Here's a way to get some extra mileage from your next smoking session.
While the smoker is fired up, smoke some trout, then use the fish to make an intense spread.
Cookbook authors Bill and Cheryl Alters Jamison include the recipe in their book "Sublime Smoke" (Harvard Common Press, $16.95).
A whole trout smokes in about 30 minutes. You can put the fish on when you finish smoking the main course. Make the spread and refrigerate it to serve the next day.
Because fish tends to dry out in a smoker, the Jamisons recommend covering the fish with a paste, in this case, lemon juice and horseradish.

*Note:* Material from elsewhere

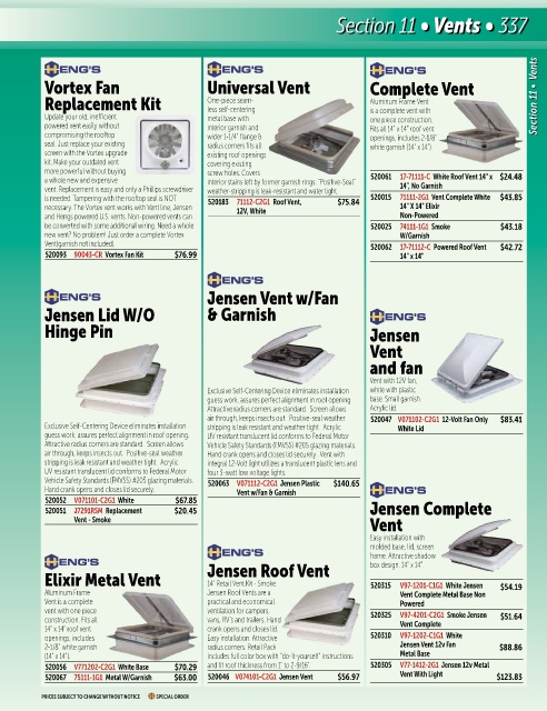520067 75111-1G1 Metal W/Garnish $63.00 520046 V074101-C2G1 Jensen Vent $56.97 Vent With Light $123.83

The Jamisons' Drop-Dead Trout Spread
Makes about 2 cups or 6 servings
2 teaspoons plus 1 tablespoon fresh lemon juice (divided use)
1/2 teaspoon horseradish
1 trout (about 8 ounces); may also use whitefish
3 ounces cream cheese at room temperature
3 tablespoons minced onion
3 tablespoons pecan pieces, toasted
salt and fresh-ground black pepper to taste
1 1/2 teaspoons creole mustard
1 teaspoon white wine
Worcestershire sauce to taste
hot pepper sauce to taste
Prepare the smoker, bringing the temperature to 200 degrees to 220 degrees.
In a small bowl, combine 2 teaspoons lemon juice and horseradish; rub the trout inside and out with this paste. Let the fish sit at room temperature for 20 to 30 minutes.
Transfer the trout to the smoker. Cook the fish until it's opaque and flakes easily, 35 to 45 minutes. Allow the trout to cool for at least 15 minutes.
Flake the fish, discarding any skin and bones. Place the fish and remaining ingredients in a food processor and pulse until well mixed. Pack the spread into a small serving bowl and refrigerate for at least 30 minutes. Serve with zucchini rounds, crackers or bread sticks.